M$modelsense <- 'max'

M$rhs <- c(1,1)

M$sense <- c('<', '<')

result <- gurobi(M)

print(result$objval)

print(result$x)


Using Gurobi with Anaconda Python in Jupyter Notebook

Anaconda Python Installation

Python is a popular language for research computing, data science AND and general-purpose programming. We recommend using Anaconda, an all-in-one installer of python and many of it's most useful packages for scientific computing. Please make sure you install Python version 3.x (e.g., 3.6 is fine).

We can learn Python using the Jupyter notebook, a programming environment that runs in a web browser. For this to work you will need a reasonably up-to-date browser. The current versions of the Chrome, Safari and Firefox browsers are all supported (some older browsers, including Internet Explorer version 9 and below, are not).

Windows

  1. Open (https://www.anaconda.com/download/#windows) with your web browser.

  2. Download the Python 3 installer for Windows.

  3. Install Python 3 using all of the defaults for installation except make sure to check Add Anaconda to my PATH environment variable.

macOS

  1. Open (https://www.anaconda.com/download/#macos) with your web browser.

  2. Download the Python 3 installer for OS X.

  3. Install Python 3 using all of the defaults for installation.

Installing Gurobipy

  1. Register a Gurobi account as an academic user at https://pages.gurobi.com/registration . Please register as a student using your university email address and don’t lose the password.

  2. Go to https://anaconda.org/Gurobi/gurobi. Copy the command and paste it to your terminal. When you see Proceed ([y]/n)?, type y and press Enter

If that doesn't work (due to your geographical location), you may want to try pip install -i https://pypi.gurobi.com gurobipy

  1. Request for a license at https://www.gurobi.com/downloads/end-user-license-agreement-academic/ and you will obtain a Gurobi key. Copy and paste the Gurobi key to the terminal.

  2. Enter jupyter notebook at the terminal. Start a new notebook for this tutorial, rename it and save it in your folder.

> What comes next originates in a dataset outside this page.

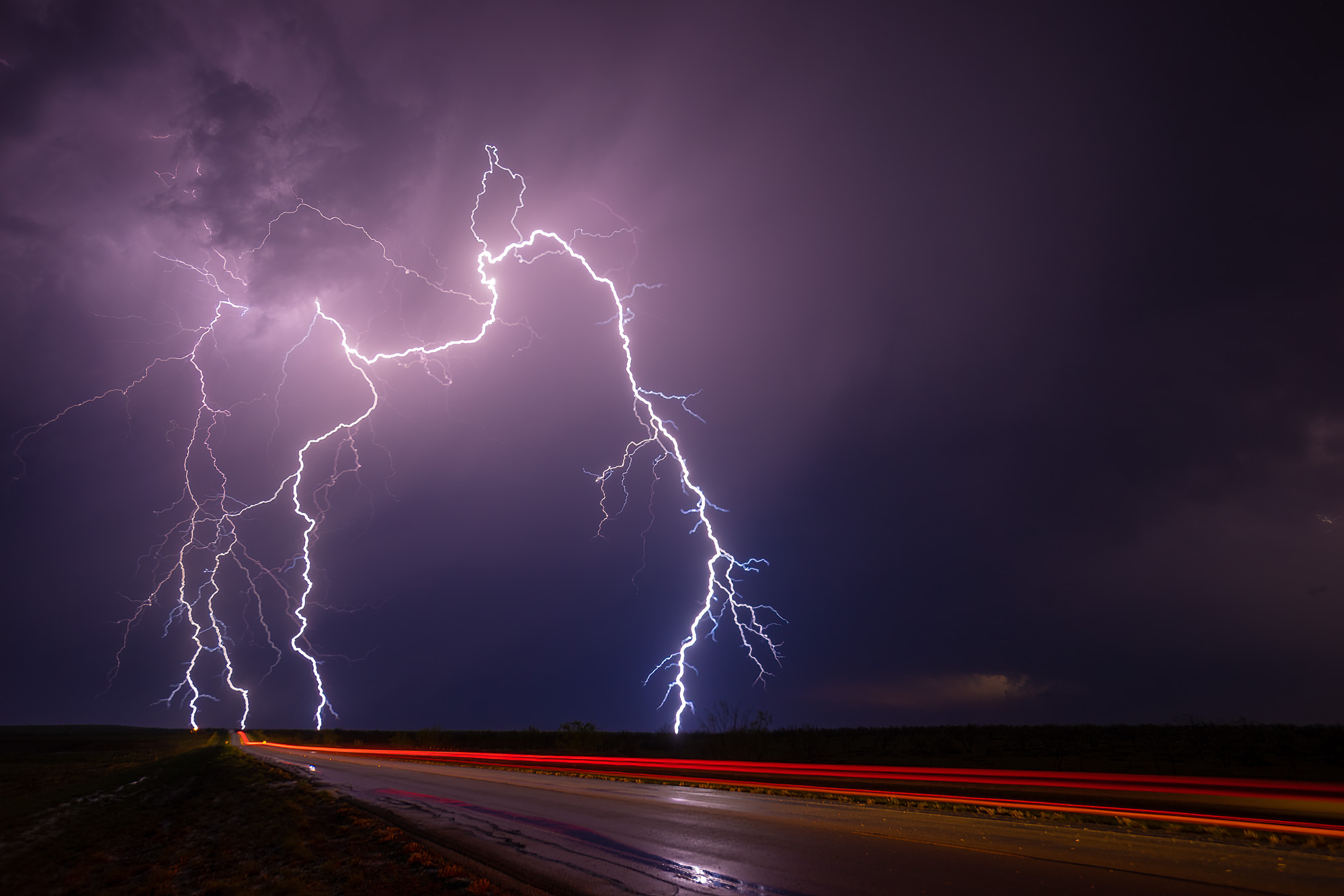 The road we were parked on led straight towards where the lighting was striking, so I pointed my camera down the road, hoping to time a car driving down the road at the same time lightning struck. I would wait for a car to drive down the road, hit the shutter button, and just hope for a lighting strike.

  3. Try running the following code in your jupyter notebook:

import gurobipy as grb

M = grb.Model('my_model')

  1. If your code runs without an error message, then you have successfully installed the Gurobi for this unit.

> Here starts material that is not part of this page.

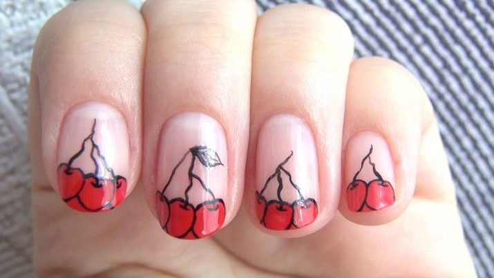 Teknologi moden membolehkan anda memilih pelbagai kaedah dan bahan yang membolehkan anda menggunakan corak khusus untuk kuku. Untuk imej ceri menggunakan beberapa pilihan.

  2. You can try solving the follwing problem:

import gurobipy as grb

import numpy as np

# This example formulates and solves the following simple LP model:

# maximize

# x + 2 y + 3 z

# subject to

# x + y <= 1

# y + z <= 1

M = grb.Model('my_model')

x = M.addMVar(3)

A = np.array([[1,1,0],[0,1,1]])

c = np.array([1,2,3])

b = np.array([1,1])

M.setObjective(c@x, grb.GRB.MAXIMIZE)

M.addConstr(A@x <= b)

M.optimize()

print(M.objVal)

print(x.x)


Note: Some Mac users may encounter an error from Jupyter Notebook saying the kernel is dead after running Step 5 in the installation guide. This is probably due to a memory access violation. To check if your machine encounters such problem, please type the following into the terminal line by line:

python

import gurobipy as grb


If the machine would spit out an error message “segmentation faulty:11”, then you can try the following steps to fix the problem:


  1. Copy and paste the following command into the terminal, please proceed with yes for all the changes when asked: conda config --add channels conda-forge

  2. Copy and paste the following command into the terminal, please proceed with yes for all the changes when asked: conda update -n base conda. Close the current terminal when done.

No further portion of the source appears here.